Paper No. 6
Presentation Time: 1:30 PM-5:30 PM
APPLICATION OF CS-137 FOR SOIL EROSION ANALYSIS IN THE WATERSHED OF THE RAPPAHANNOCK RIVER, VIRGINIA
LANDAU, Kelly, Earth and Environmental Sciences, University of Mary Washington, 1301 College Avenue, Fredericksburg, VA 22401 and ODHIAMBO, Ben K., Earth and Environmental Sciences, University of Mary Washington, Fredericksburg, VA 22401, klandau@umw.edu
Soil erosion in most terrains is both a result of natural geomorphic processes as well anthropogenic human landscape modifications, mostly through deforestation, agriculture and urban development. The resulting effects of erosion are plentiful, widespread and include loss of soil fertility and declines in water quality recipient water bodies.

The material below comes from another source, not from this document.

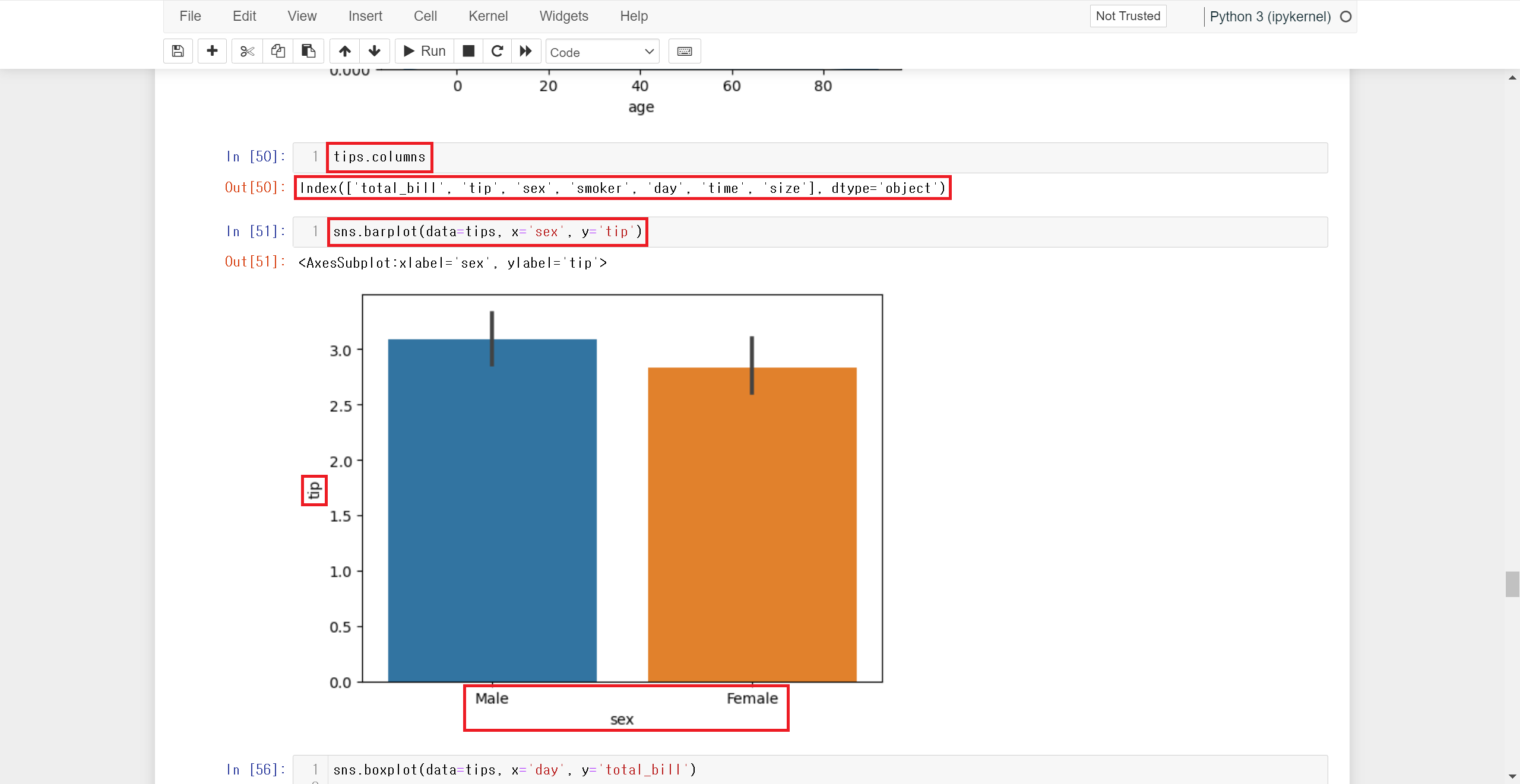 barplot() 함수를 사용하여 성별에 따른 tip의 금액을 그래프로 나타낼 수도 있습니다.

The watershed of central Virginia's Rappahannock River has gradually shifted from a largely forested to one of increasing agricultural and metropolitan development. Farms, towns, and cities, along with the high concentration of roadways which provide for them, have replaced much of the watershed's natural land cover with bare, vulnerable and often impervious surfaces, essentially paving the way for erosion. Recent studies have shown that the Rappahannock River delivers more sediment per square unit of watershed than any of the other tributaries of the Chesapeake Bay.
We report results of watershed erosion rates analysis using Cs-137 inventories in soil at various locations within the Rappahannock Watershed. The study highlights both the important role of geomorphologic landscape characteristic as well variation in land-use in influencing erosion rates. The watershed was divided into two main sections based on slopes, with the upper region characterized by deeply incised valleys of relatively steeper slopes, and the lower basin of gentle slopes. Soil cores were collected from forested, grassland, cropland, and grazeland sites in both sections, and analyzed for Cs-137 content. Other soil physical and chemical attributes i.e. bulk density, particle size distribution, soil pH, effective cation-exchange capacity, organic carbon content, and magnetic susceptibility were analyzed for a more comprehensive watershed erosion analysis.